Friday 5 December 2003

"We're air force pilots, not mafia. We don't take revenge"

Just in case you were thinking I'm anti-Jewish or anti-Israel, I'M NOT! I'm anti-Fascism and anti-War. Sharon is a liability to Israel and the world, since the assasination of Yitzak Rabin the Israeli government has put their country on a path of conflict. To deny that is to deny the obvious and ignore history. No-one is innocent, not the Palestinians nor the Israelis, they behave like children drunk on the power that having a big gun gives you. The ordinary citizens on both sides are mere cannon-fodder to the likes of Arafat and Sharon.

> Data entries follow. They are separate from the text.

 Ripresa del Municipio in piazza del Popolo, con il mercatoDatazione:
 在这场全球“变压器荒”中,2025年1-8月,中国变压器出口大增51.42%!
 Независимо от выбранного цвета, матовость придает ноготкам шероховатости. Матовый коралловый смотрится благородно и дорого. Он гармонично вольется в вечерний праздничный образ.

War-mongering evil bastards, both of them.

Israel's F-16 and Black Hawk refuseniks say why they could not obey illegal orders and kill innocent Palestinians

For two months, a rebel group of Israeli Black Hawk helicopter and F-16 fighter pilots has been denounced as traitors for saying they will no longer bomb Palestinian cities.

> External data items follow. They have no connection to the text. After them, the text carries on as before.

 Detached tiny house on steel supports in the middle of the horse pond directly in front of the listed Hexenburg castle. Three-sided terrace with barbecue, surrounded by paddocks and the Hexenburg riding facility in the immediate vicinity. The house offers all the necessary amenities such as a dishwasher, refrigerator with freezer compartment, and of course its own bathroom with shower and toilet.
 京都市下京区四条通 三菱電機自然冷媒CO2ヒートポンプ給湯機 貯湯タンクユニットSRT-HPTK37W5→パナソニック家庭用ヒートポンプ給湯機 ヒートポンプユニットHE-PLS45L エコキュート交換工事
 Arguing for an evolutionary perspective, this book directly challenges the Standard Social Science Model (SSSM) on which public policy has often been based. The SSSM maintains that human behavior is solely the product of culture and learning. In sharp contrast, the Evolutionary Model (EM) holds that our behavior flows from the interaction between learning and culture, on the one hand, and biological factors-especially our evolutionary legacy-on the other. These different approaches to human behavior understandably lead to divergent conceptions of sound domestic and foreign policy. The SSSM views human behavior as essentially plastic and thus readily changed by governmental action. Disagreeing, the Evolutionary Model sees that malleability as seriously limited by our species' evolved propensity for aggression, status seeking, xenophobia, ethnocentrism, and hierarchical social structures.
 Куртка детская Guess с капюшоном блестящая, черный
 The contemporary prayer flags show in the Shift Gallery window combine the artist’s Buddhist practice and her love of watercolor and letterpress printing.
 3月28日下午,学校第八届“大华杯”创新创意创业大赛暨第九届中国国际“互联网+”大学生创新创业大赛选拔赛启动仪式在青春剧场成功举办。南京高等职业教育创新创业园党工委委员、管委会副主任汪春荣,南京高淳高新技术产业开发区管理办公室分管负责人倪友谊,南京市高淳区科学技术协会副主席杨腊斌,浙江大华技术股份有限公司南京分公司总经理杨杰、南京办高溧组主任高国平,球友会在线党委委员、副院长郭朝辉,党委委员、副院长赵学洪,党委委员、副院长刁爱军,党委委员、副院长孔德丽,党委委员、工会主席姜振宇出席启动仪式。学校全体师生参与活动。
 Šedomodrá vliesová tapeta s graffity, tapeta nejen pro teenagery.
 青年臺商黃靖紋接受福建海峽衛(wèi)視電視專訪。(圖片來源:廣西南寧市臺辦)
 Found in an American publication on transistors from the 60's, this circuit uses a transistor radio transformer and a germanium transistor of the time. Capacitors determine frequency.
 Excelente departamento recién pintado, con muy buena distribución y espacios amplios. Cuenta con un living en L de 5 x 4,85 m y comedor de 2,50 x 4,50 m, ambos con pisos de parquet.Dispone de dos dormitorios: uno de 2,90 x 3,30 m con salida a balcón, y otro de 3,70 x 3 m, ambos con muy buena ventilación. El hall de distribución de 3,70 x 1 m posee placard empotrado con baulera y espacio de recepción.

Until now they have maintained a resolute silence on their motives, preferring to limit their criticism of Ariel Sharon's war to a letter signed by 27 reserve and active duty pilots refusing to carry out what they described as illegal orders, and denouncing the occupation as eating at the moral fabric of Israel.

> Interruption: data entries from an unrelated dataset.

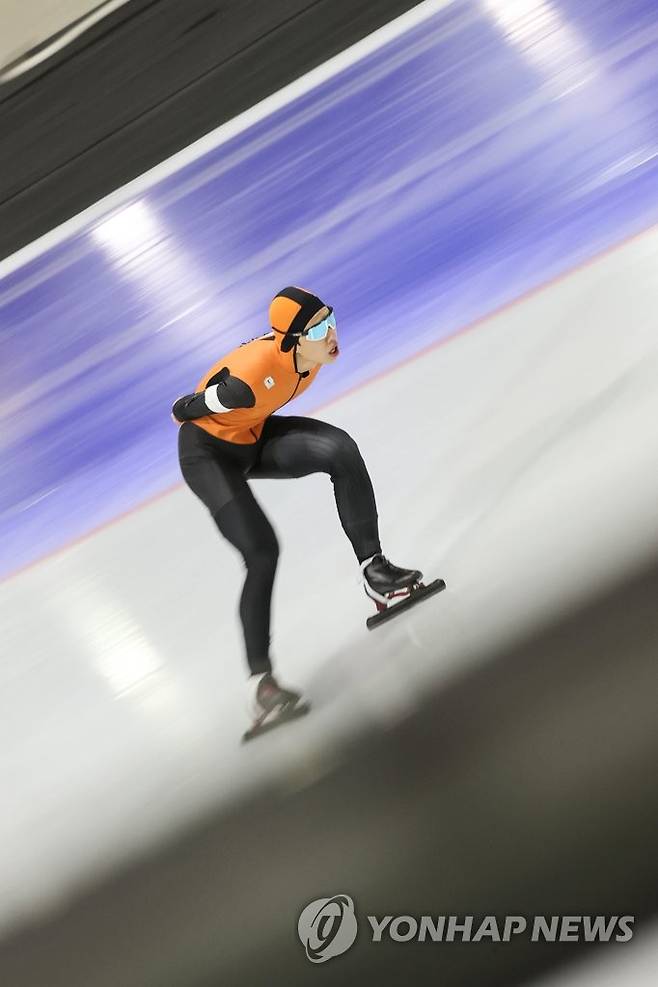 (서울=연합뉴스) 임화영 기자 = 15일 오후 서울 노원구 태릉국제스케이트장에서 열린 2021-2022시즌 국제빙상경기연맹(ISU) 스피드스케이팅 월드컵 파견대표 선발전 겸 SK텔레콤배 제56회 전국남녀 종목별 스피드 선수권대회 남자부 5000m 결승에서 양호준(의정부고등학교)이 질주하고 있다. 2021.9.15
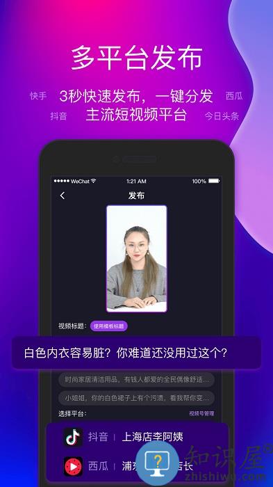 通过软件3秒快速发布,一键分发主流短视频平台!享受一机在手,转赞评全有的极致快感!每天都可以看到粉丝和你的互动情况!
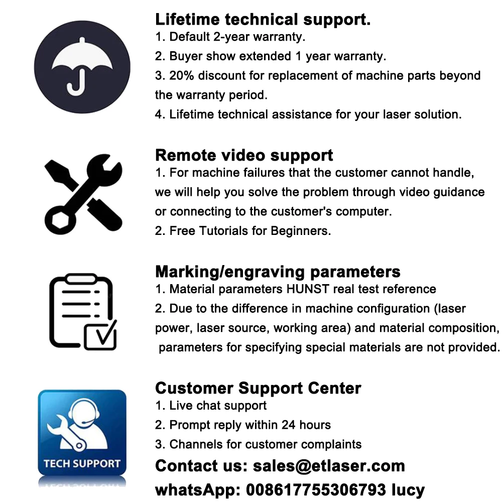 Telefone 24 horas 0086-0769-27223327 008613929256735 e e-mail: ht AT hunstlaser.com suporte técnico online.
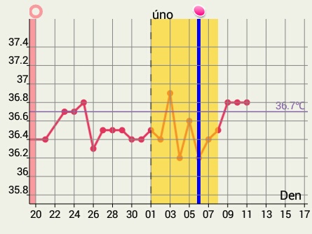 tak mně holky dneska klesla teplota až na 36,25...čili pod tu čáru celkem hluboko...předpokládám, že i druhý měsíc po vysazení HAK mám anovulační cyklus 😔
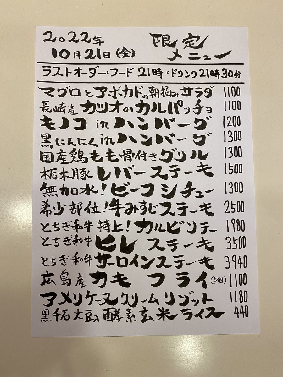 本日の限定& #テイクアウト メニューです。
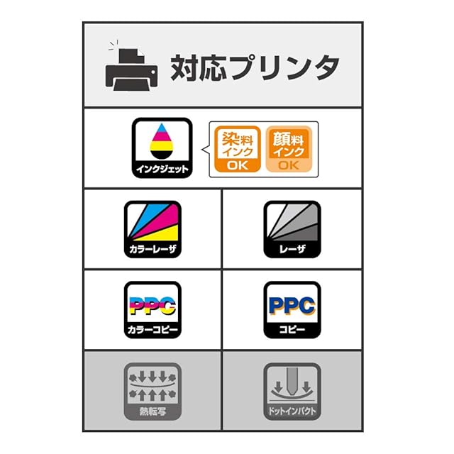 【対応プリンタ】レーザー・コピー機・インクジェット(染料・顔料対応)
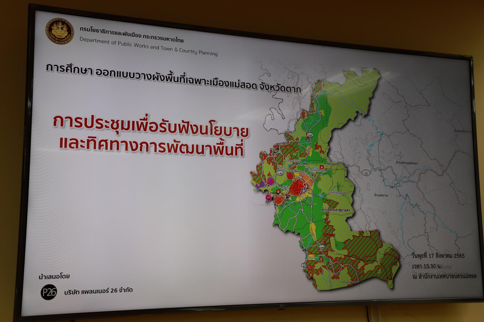 โดยมี นายปกรณ์ วราภาสกุล สถาปนิกชำนาญการพิเศษ กองผังเมืองเฉพาะ กรมโยธาธิการและผังเมือง อาจารย์ธนิชา นิยมวัน ที่ปรึกษาโครงการด้านสถาปัตยกรรมผังเมือง นางวลัยรัตน์ อินต๊ะแปง นักวิเคราะห์ผังเมืองชำนาญการพิเศษ และนายปรีดา หุตะจูฑะ ที่ปรึกษาโครงการด้านผังเมือง ให้คำแนะนำโครงการฯ และรับนโยบายและทิศทางการพัฒนาพื้นที่ ตลอดจนข้อคิดเห็นและข้อเสนอแนะที่เป็นประโยชน์ต่อโครงการของทางเทศบาลนครแม่สอด ซึ่งจะนำไปดำเนินโครงการศึกษาออกแบบวางผังพื้นที่เฉพาะเมืองแม่สอด ตามความต้องการของพื้นที่และนำมาเสนอในขั้นตอนต่อไป
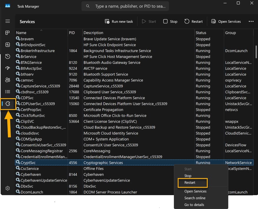 - Right-click the service that corresponds to the unstable VSS writer and select Restart.
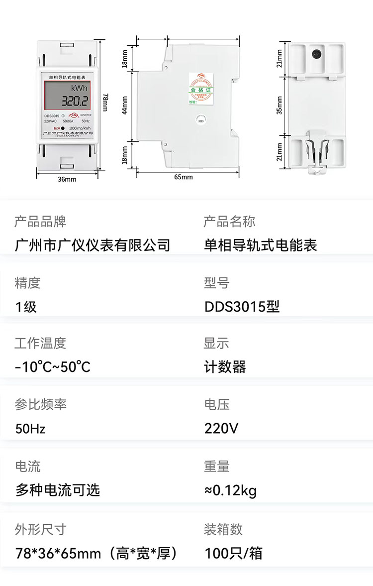 DDS3015单相导轨式电能表系我公司采用微电子技术与专用大规模集成电路,应用数字采样处理技术及SMT工艺等现金技术研制开发的三相四线有功电能表。该表技术性能完全符合GBT17215.321-2008和ICE62053-21国际标准中1级三相有功电能表的相关技术要求,能直接精确地测量额定频率为50HZ或60HZ三相四线交流电网中负荷的有功电能的消耗。该表油步进电机式脉冲计数器显示有功电量和液晶显示的有功用电量,具有可靠性好、体积小、重量轻、外形美观、安装方便等特点。
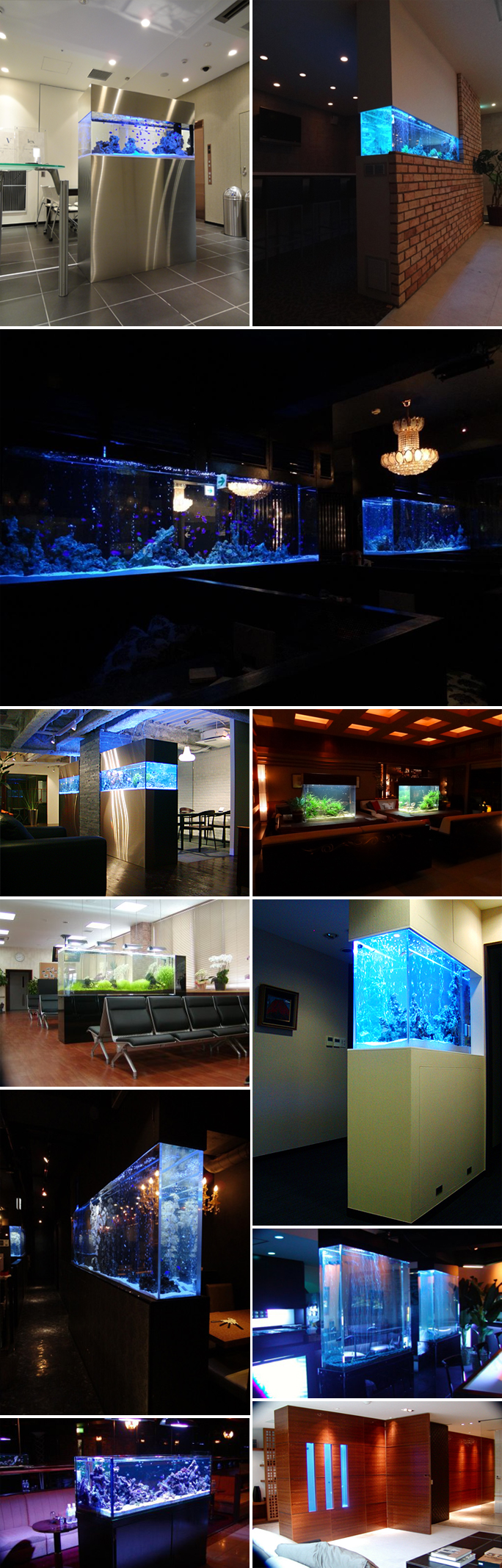 上記のプランはほんの一例であり、導入される水槽は御予算・イメージにより自由にカスタマイズ可能です。
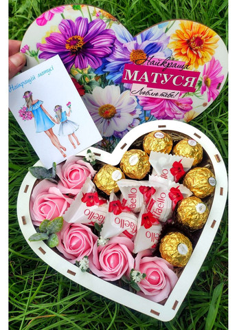 Бокс сердце з цукерками Ferrero и Raffaello (x006) Бокс сердце з цукерками. Гарний подарунок для мами Склад: цукерки Raffaello 6 шт цукерки Ferrero Rocher 7 шт мильні троянди 5 шт дерев'яний бокс сердце вітальна листівка Розмір: довжина 20 см ширина 23 см висота 9 см

Now, having been thrown out of the air force, they are talking publicly about what brought members of the most revered branch of the Israeli military to make an unprecedented challenge to the handling of the conflict with the Palestinians.

"I served more than seven years as a pilot," said Captain Alon R, who, like all the younger pilots, hopes to return to combat flying and so declines to use his full name in order to retain his security clearance. "In the beginning, we were pilots who believed our country would do all it could to achieve peace. We believed in the purity of our arms and that we did all we could to prevent unnecessary loss of life.

"Somewhere in the last few years it became harder and harder to believe that is the case."

The line was crossed for most of the pilots with the dropping of the one-tonne bomb last year on the home of a Hamas military leader, Salah Shehade, killing him and 14 of his family, mostly children.

One captain described the bombing as deliberate killing, murder even. Another called it state terrorism, though some colleagues swiftly stomped on that interpretation. But they all agreed that the attack sowed the doubts that resulted a year later in the letter that sent shockwaves through the Israeli military.

"The Shehade incident was a red light for us, a final warning," said Capt Alon R. "With Shehade I began to re-evaluate my beliefs. We killed 14 innocent people, nine of them children. After my commander gave an interview in which he said he sleeps well at night and his men can do the same. Well, I can't. We refused to see it as an innocent mistake."